The so-called "coffee department", created under the United States War Department, also contributed to the promotion of his product. Its head quite convincingly stated that instant coffee is very helpful in the recovery of those soldiers who at the front fell under the influence of poisonous substances, including mustard gas.
Tea bags
Thomas Sullivan, a businessman from the United States, who was involved in the sale of different types of tea, since 1904 sent his clients "samples" - small silk bags with a pinch of dry tea leaves for brewing 1 portion of the drink. During World War I, Sullivan's idea was successfully used by the Germans. The German company Teekanne has launched a large-scale production of tea bags for the needs of the army.
The simplicity and speed of making tea with the help of tea bags made it (along with instant coffee) the most popular drink in the trenches and trenches on the fronts of the First World War. The soldiers of both warring sides gave the same nickname to these bags - "tea bombs". After the end of the war, this method of brewing tea has not lost its popularity.
Vegetarian sausages
Vegetarian sausages were invented by no means against the use of animal food. In the second year of World War I in Germany, during an event called the Schweinemord ("slaughter of pigs"), about 5 million domestic "pigs" were killed and turned into canned food. And in 1916, there was a potato crop failure in Europe. Therefore, already in the winter of 1917, rutabaga became the main food product in Germany, which was also not enough to meet the needs of the citizens of the Reich. As a result, more than 700 thousand people died of hunger.
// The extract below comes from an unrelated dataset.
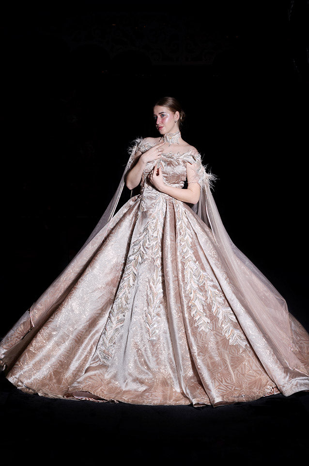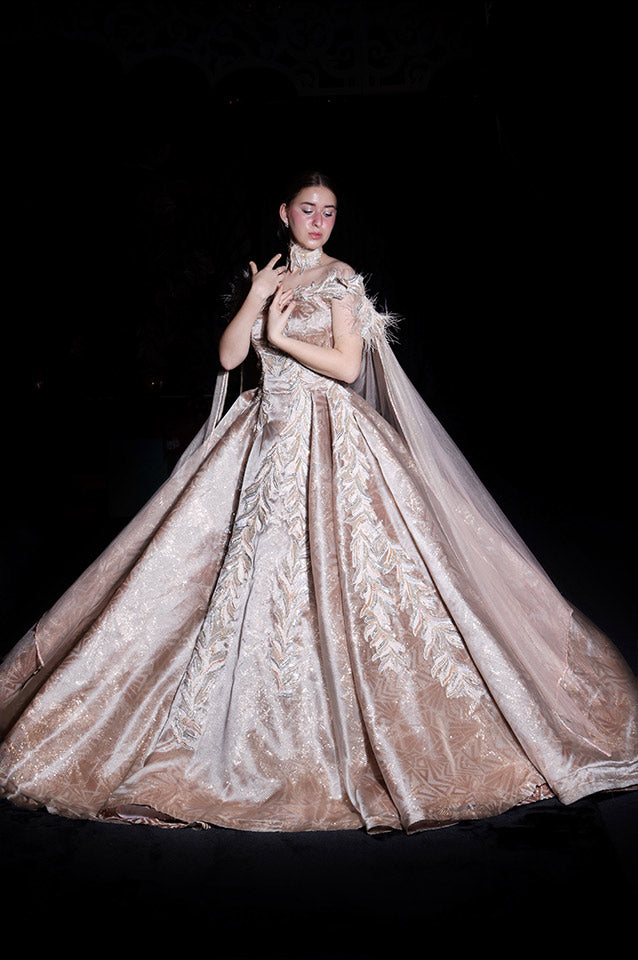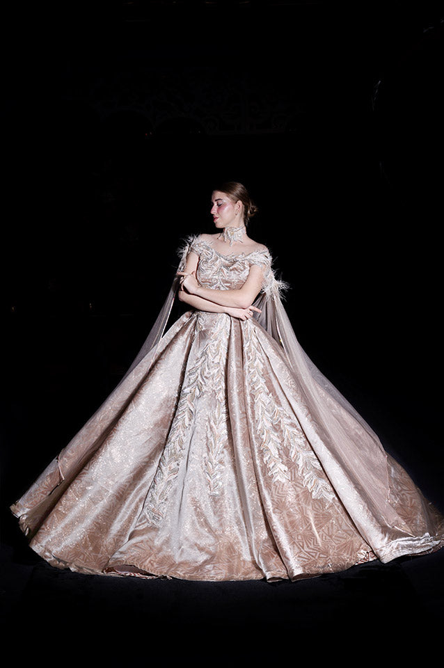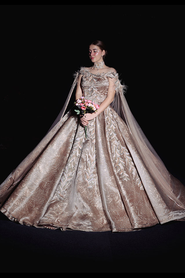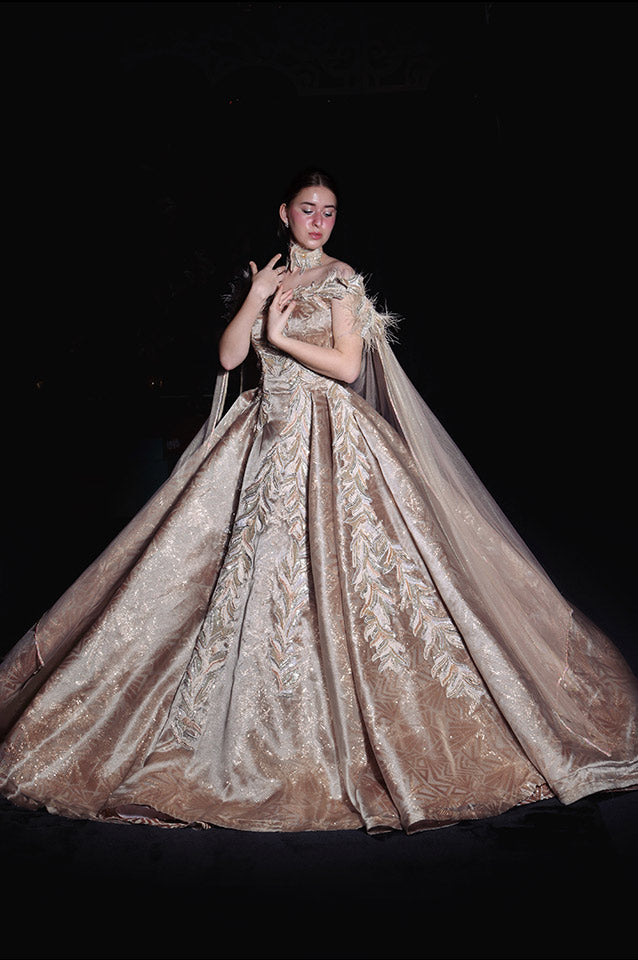 Metallic gold corseted Ball Gown( OM 111 )

The future prime minister of the Federal Republic of Germany, and then the city head of Cologne, Konrad Adenauer, invented sausages, in which instead of traditional meat, a mixture of crushed corn, rice and barley, wheat flour and the main vegetable protein, soybeans, was used. However, in Germany, Adenauer never managed to obtain a patent for his invention. Paradoxically, in June 1918, he successfully patented his vegetarian sausages in Britain, then hostile to the German Reich.
Stainless steel
Before the outbreak of World War I, gunsmiths of hostile states tried to improve their weapons of murder with might and main. The military industry needed a new type of steel that would not only be durable, but also resistant to corrosion. And such material was invented 2 years before the start of the military conflict. In 1912, engineers of the German company Krupp received a patent for stainless chromium-nickel steel.
Almost synchronously with the Germans, the British metallurgical engineer Harry Brerley invented stainless steel. He did it purely by chance during experiments concerning the avoidance of deformation of the barrels of artillery guns under the influence of high temperatures of combustion of powder gases. In the same year, an iron alloy that was resistant to corrosion began to be produced in the United States.
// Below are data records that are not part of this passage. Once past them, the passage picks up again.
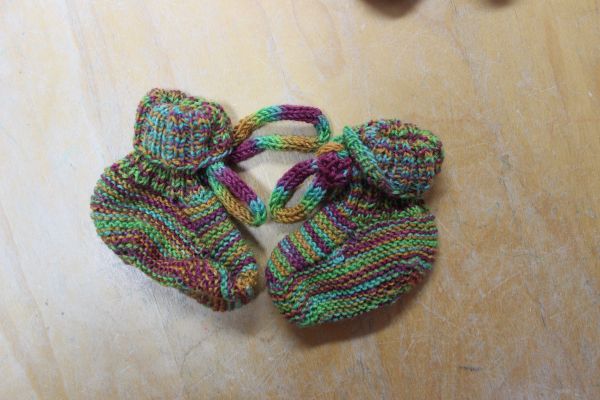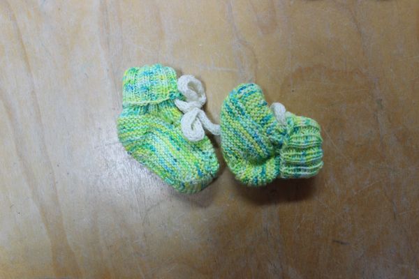 Einige wenige Booties habe ich in dieser Zeit auch noch gestrickt – im Moment pausiert die Produktion aber, da ich an einem Geschenk arbeite und eine Decke fertigstellen musste, die ich für einen Herzensmenschen aus vielen Patchen zusammenfügte.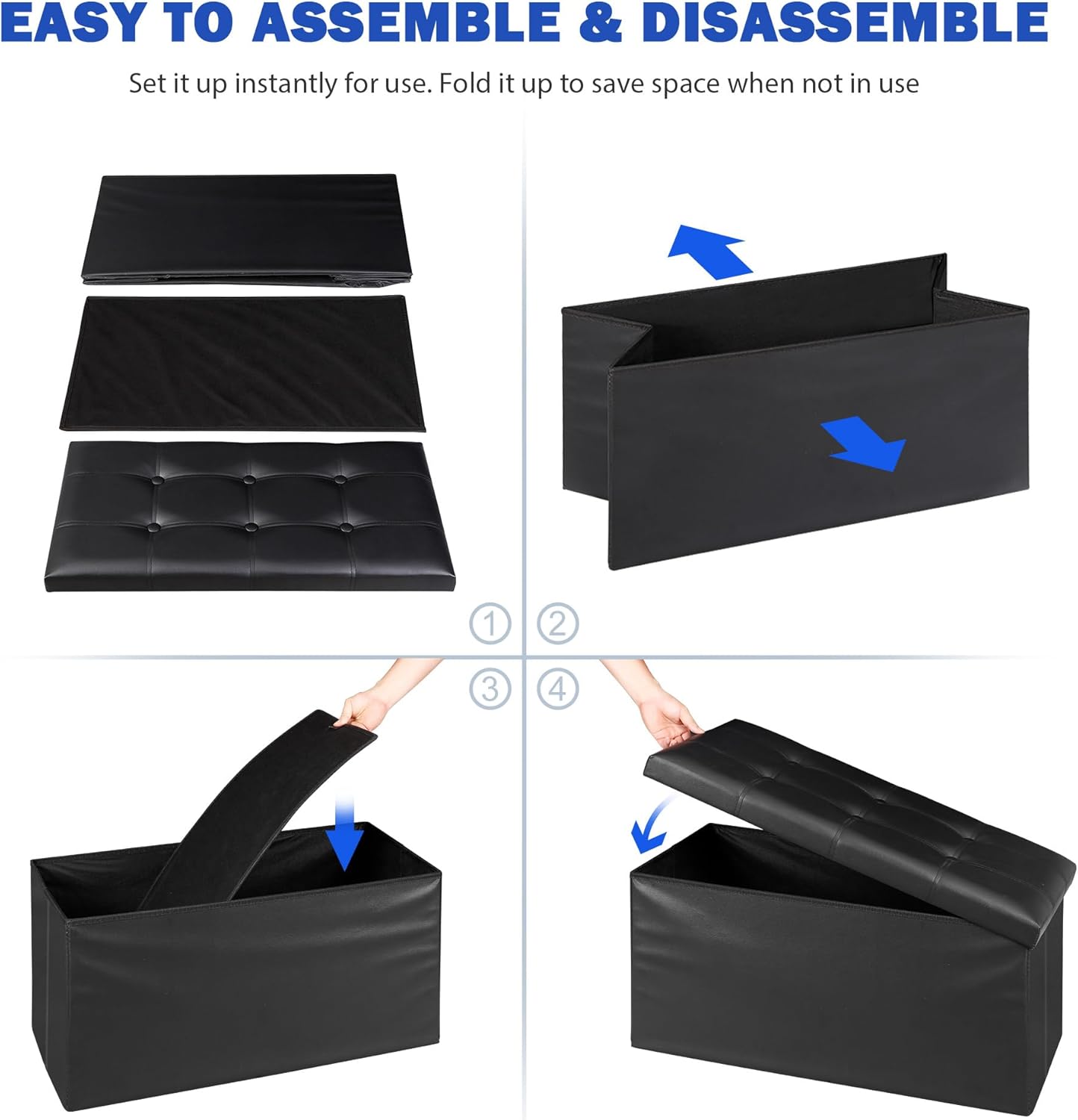 - ăEasy to Assemble & ServiceăThe item consists of three components: a lid, a fold-out storage ottoman, and a base piece designed to be placed at the interior bottom of the ottoman. No tools needed. It is like opening a collapsible box, you just open it up and may takes you about 2 minutes to assemble.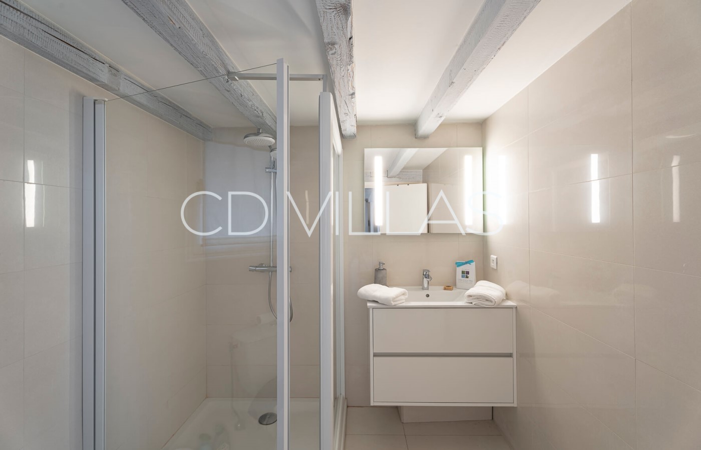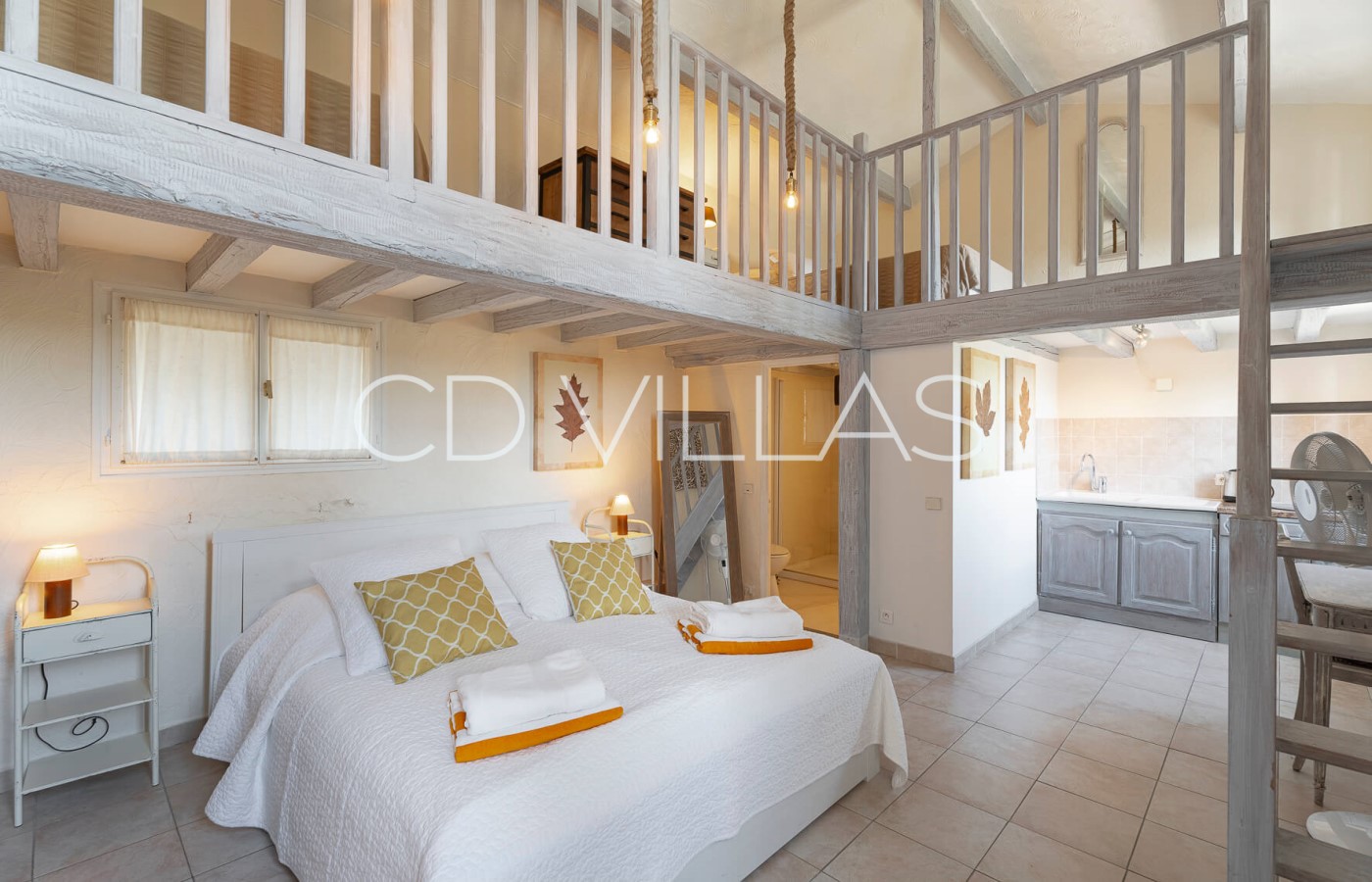 Bedroom 4 - Airconditioned up a flight of external steps with its own entrance, is an independent guest apartment with large double bed with modern kitchenette, ENSUITE modern shower room with a shower, basin and loo. Low-ceilinged mezzanine, only suitable for older children, with a large single and a second single bed.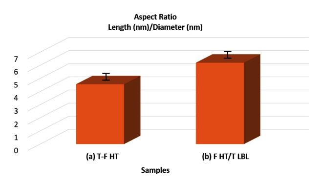 Aspect ratio of samples (a) T-F HT sintered at 550 °C for 2 h with additional heat

During the First World War, alloys containing stainless steel were used in the design of engines for combat airplanes. But the worldwide fame and recognition of stainless steel was brought by the movable canopy made of it in 1929 for the luxury London hotel Savoy.

Wars are considered one of the most important engines of civilization's progress. And if so, then all those who died during these global armed conflicts can rightfully be regarded as bloody sacrifices brought to the altar of human evolution.